By combining WFM with resting-state imaging, sensory stimulation paradigms, or more complex behavioral tasks, our lab examines how the dynamics of neuronal activity across the cortex are shaped by the underlying neuronal circuit and synaptic architecture, and how these activity patterns play a role in driving behavior. By using WFM in combination with humanized mice, we study how human-specific genes impact the functional organization of cortical circuits. We also examine how cortical circuit function is altered in neurodevelopmental disease, such as autism, and how human-specific genes impact the phenotypic expression of these diseases.

Parcellation of the dorsal cortex according to the Allen Brain Atlas. Upon whisker stimulation, neuronal activity in cortical regions of the left and right hemisphere shows widespread and distinct cortical responses to sensory input.

Two-photon microscopy

We use two-photon microscopy to investigate neuronal response properties at a cellular level.
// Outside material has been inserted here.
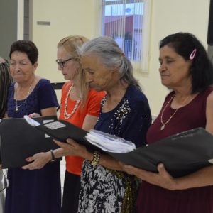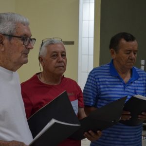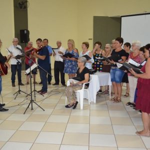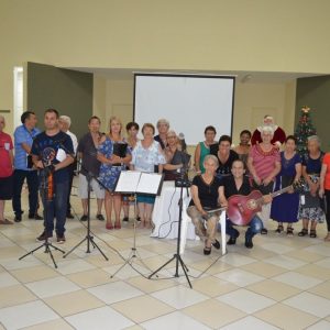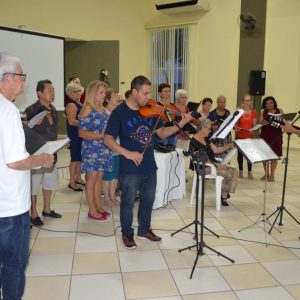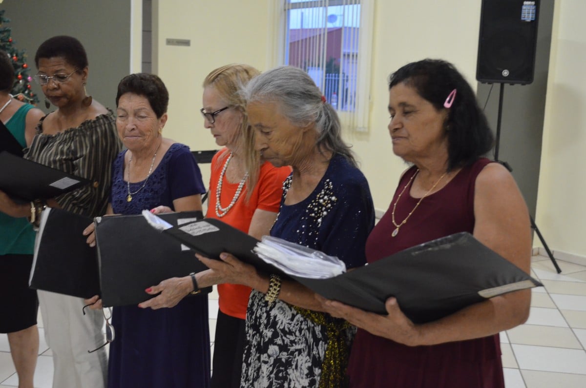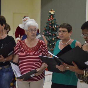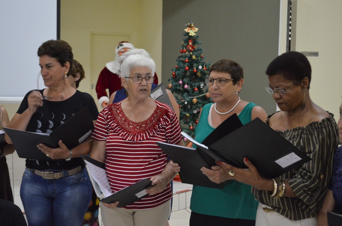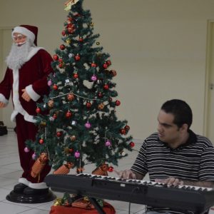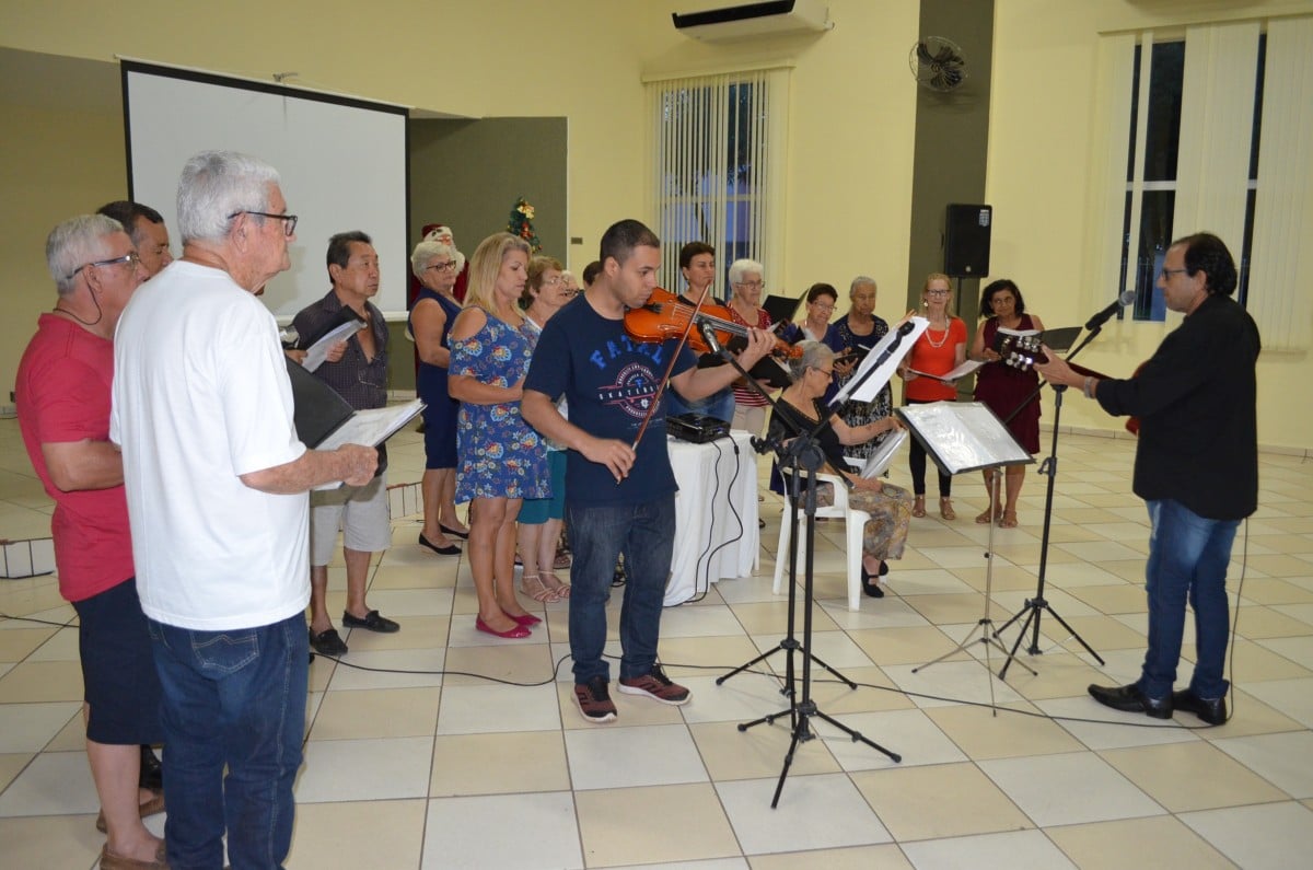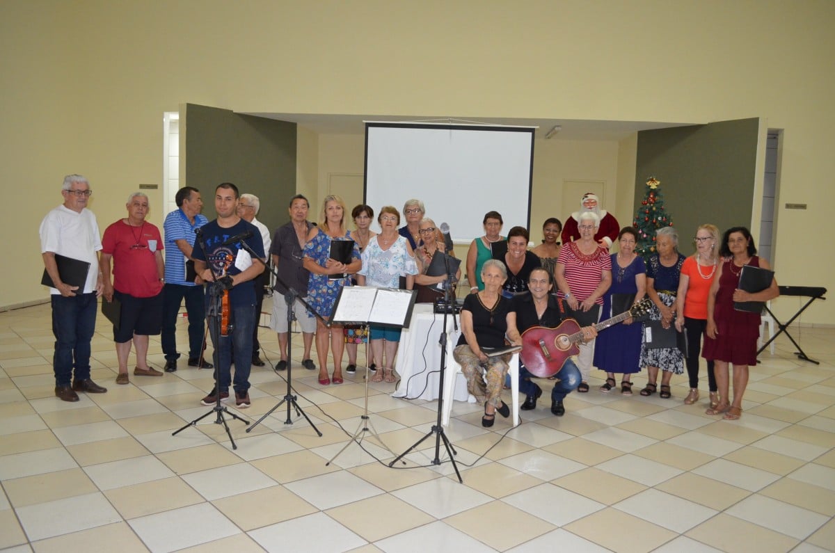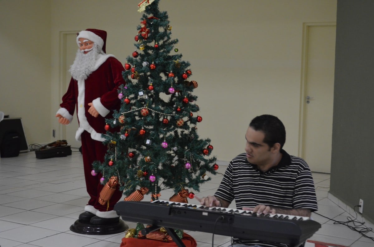 Na ocasião, os presentes puderam conferir dois números musicais. O primeiro deles ficou por conta de Rafael, filho de uma integrante do grupo “Viver Vale a Pena” e deficiente visual, que presenteou a todos com uma bela apresentação de teclado. Em seguida, o Coral da Terceira Idade, acompanhados do professor e músico Júlio Moraes e o violinista Alex, apresentaram um repertório de músicas natalinas.

Increased synaptic density, cortico-cortical connectivity, and prolonged maturation, are considered hallmarks of human neurons and are believed to be critical for the remarkable cognitive capacity observed in humans. However, it remains unknown how such features affect neuronal activity and, consequently, the integration and processing of information. While WFM (see section above) provides a powerful approach for studying changes in neuronal responses at a cortex-wide level, it precludes studying neuronal responses and functional connectivity at a cellular level. We therefore employ in vivo two-photon microscopy to investigate at a cellular level how human-specific genes influence the response properties of cortical neurons.

Neuronal activity imaged in vivo in the barrel field of the somatosensory cortex using GCaMP6f as a reporter. Spontaneous neuronal activity of layer 2/3 pyramidal neurons can clearly be observed, while several neurons show time-locked activity to the moment a whisker stimulus is applied.
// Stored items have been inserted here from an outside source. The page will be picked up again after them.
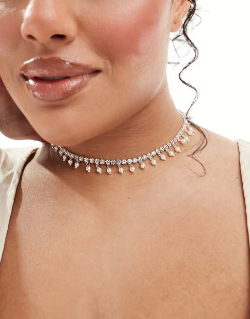 ASOS DESIGN Curve choker necklace with crystal cupchain and faux pearl design in silver tone
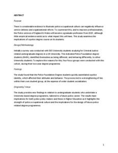 The study provides new findings in relation to undergraduate students who undertake a University based degree programme, tailored to a future police career. The results have implications for both police policy makers and those in Higher Education as it highlights the strength of police occupational culture and the implications for the design of future police related degree programmes.
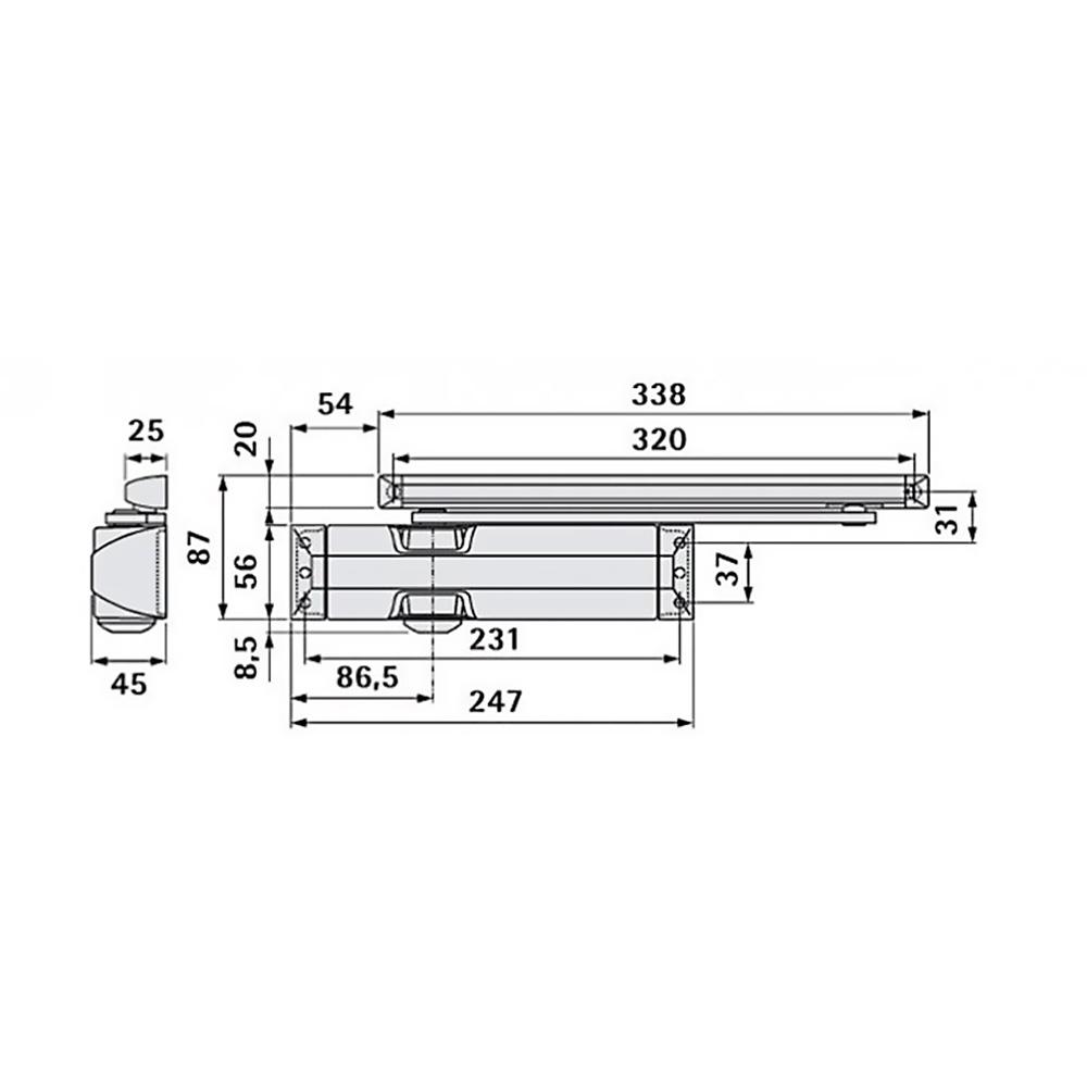 Amortizor hidraulic cu glisiera, forta 2-4, pentru usi 20-80Kg
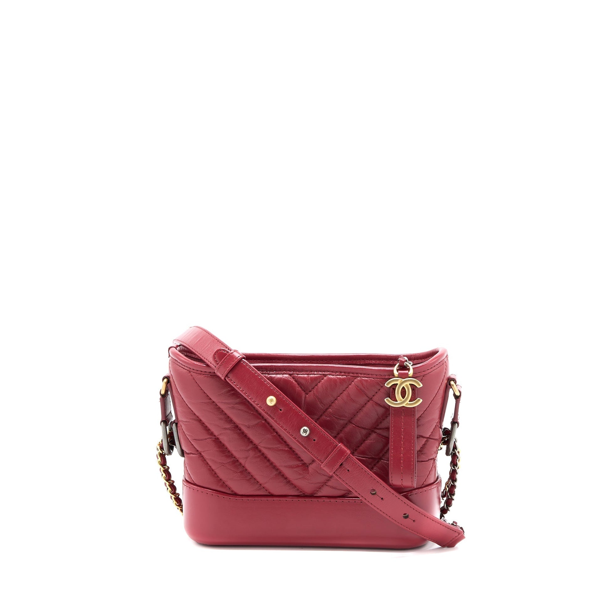 Chanel Small Gabrielle Hobo Bag Chevron Calfskin Red Multicolour Hardware

We use two-photon microscopy to examine how neurons respond to sensory input and how they encode information in a variety of behavioral tasks. Using optogenetic stimulation experiments we test how changes in connectivity, either local or long-range, modify neuronal response properties. This enables us to study how human-specific genes that play a role in brain development and function, impact how neurons process information.
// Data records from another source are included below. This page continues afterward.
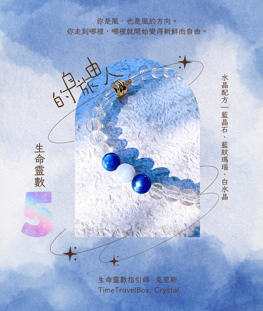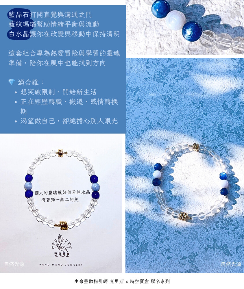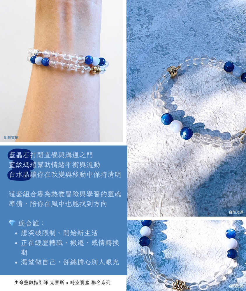 藍晶石打開直覺與溝通之門,藍紋瑪瑙幫助情緒平衡與流動,白水晶讓你在改變與移動中保持清明。這套組合專為熱愛冒險與學習的靈魂準備,陪你在風中也能找到方向。
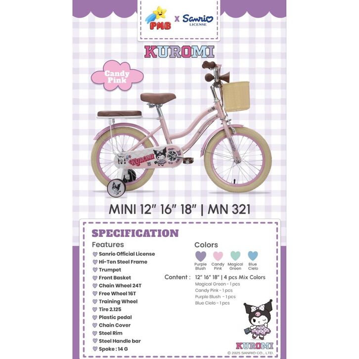 SEPEDA ANAK PEREMPUAN 12 16 1 CENTRUM 313 CLASSIC / CENTRUM 315 / PMB KUROMI ADA KERANJANG
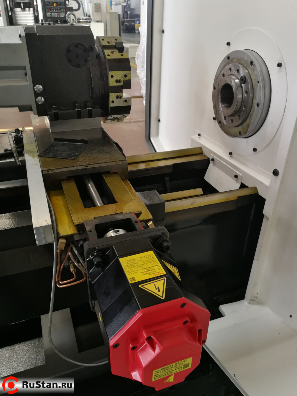 В базовой комплектации серводвигатель шпинделя CTB-47P5ZXC10-40, номинальной мощностью 7,5 кВт (максимальная 11 кВт, время работы ограничено 30 мин.) поддерживающий постоянство скорости резания при изменении диаметра детали. Позволяет жёсткое нарезание резьбы метчиком. Максимальный крутящий момент развиваемы на шпинделе 262 Нм.

neuronal response properties upon SRGAP2C expression

Our previous work has shown how expression of the human-specific gene SRGAP2C increases sensory coding of layer 2/3 pyramidal neurons in the barrel field of the somatosensory cortex. Expression of SRGAP2C increases the response probability to whisker stimulus (peaks in shaded areas) while reducing overall spontaneous activity (peaks outside shaded areas).

Neuronal circuit mapping

By employing a variety of tracing techniques we map structural connectivity throughout the brain.

The structural organization of neuronal circuits is a critical determinant of brain function. It is this wiring diagram that determines how information flows through the brain. Indeed, alterations in circuit connectivity can profoundly modify how the brain functions.

Synapses are the point of contact where inputs from other neurons (presynaptic) connect with the target neuron (postsynaptic). Changing how synapses develop can therefore have significant impact on how neurons connect with each other. Our previous work has shown that the human-specific gene (HSG) SRGAP2C uses this mechanism to modify cortical connectivity. By modifying synaptic development, SRGAP2C changes cortical circuits by selectively increasing feedforward and feedback cortical connectivity – projections that are considered critical for human cognition.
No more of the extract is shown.